--- START ---

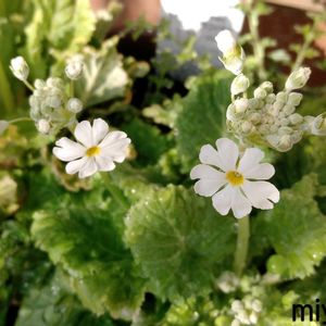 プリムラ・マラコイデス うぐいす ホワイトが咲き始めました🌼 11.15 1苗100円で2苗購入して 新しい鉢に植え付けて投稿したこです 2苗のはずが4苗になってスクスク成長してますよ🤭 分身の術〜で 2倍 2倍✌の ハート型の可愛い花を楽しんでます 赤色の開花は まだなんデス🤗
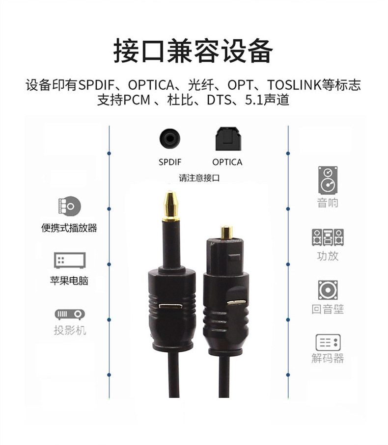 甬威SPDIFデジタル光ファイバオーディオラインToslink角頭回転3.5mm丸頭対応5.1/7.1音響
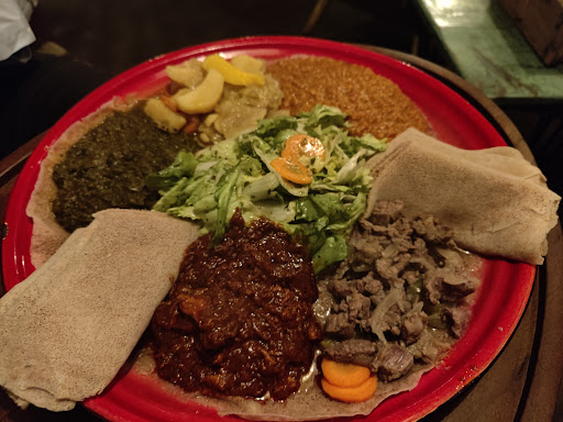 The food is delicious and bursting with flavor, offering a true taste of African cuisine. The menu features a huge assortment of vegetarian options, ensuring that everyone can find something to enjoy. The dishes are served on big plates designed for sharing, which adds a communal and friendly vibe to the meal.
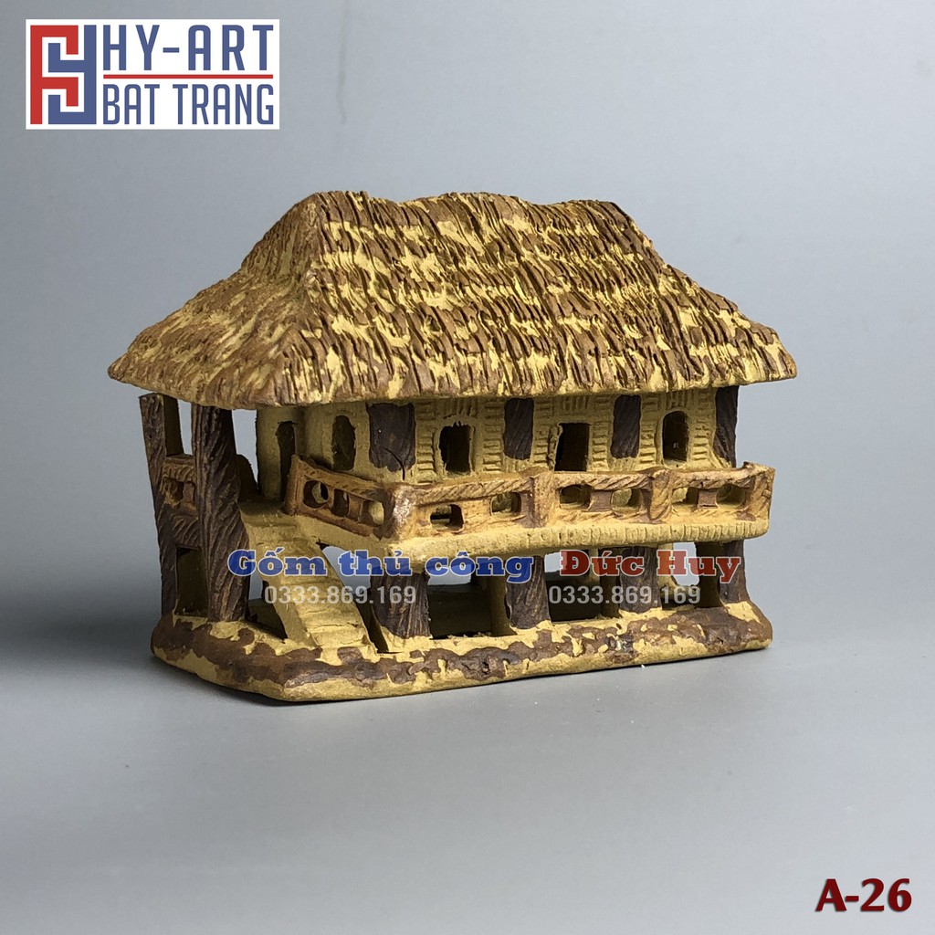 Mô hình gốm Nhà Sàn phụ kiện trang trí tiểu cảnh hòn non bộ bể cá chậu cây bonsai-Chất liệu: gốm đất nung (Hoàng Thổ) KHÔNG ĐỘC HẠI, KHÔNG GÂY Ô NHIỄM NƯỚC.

--- END ---

Work order: The data must be printed exactly, image-free.

Response area:
 プリムラ・マラコイデス うぐいす ホワイトが咲き始めました🌼 11.15 1苗100円で2苗購入して 新しい鉢に植え付けて投稿したこです 2苗のはずが4苗になってスクスク成長してますよ🤭 分身の術〜で 2倍 2倍✌の ハート型の可愛い花を楽しんでます 赤色の開花は まだなんデス🤗
 甬威SPDIFデジタル光ファイバオーディオラインToslink角頭回転3.5mm丸頭対応5.1/7.1音響
 The food is delicious and bursting with flavor, offering a true taste of African cuisine. The menu features a huge assortment of vegetarian options, ensuring that everyone can find something to enjoy. The dishes are served on big plates designed for sharing, which adds a communal and friendly vibe to the meal.
 Mô hình gốm Nhà Sàn phụ kiện trang trí tiểu cảnh hòn non bộ bể cá chậu cây bonsai-Chất liệu: gốm đất nung (Hoàng Thổ) KHÔNG ĐỘC HẠI, KHÔNG GÂY Ô NHIỄM NƯỚC.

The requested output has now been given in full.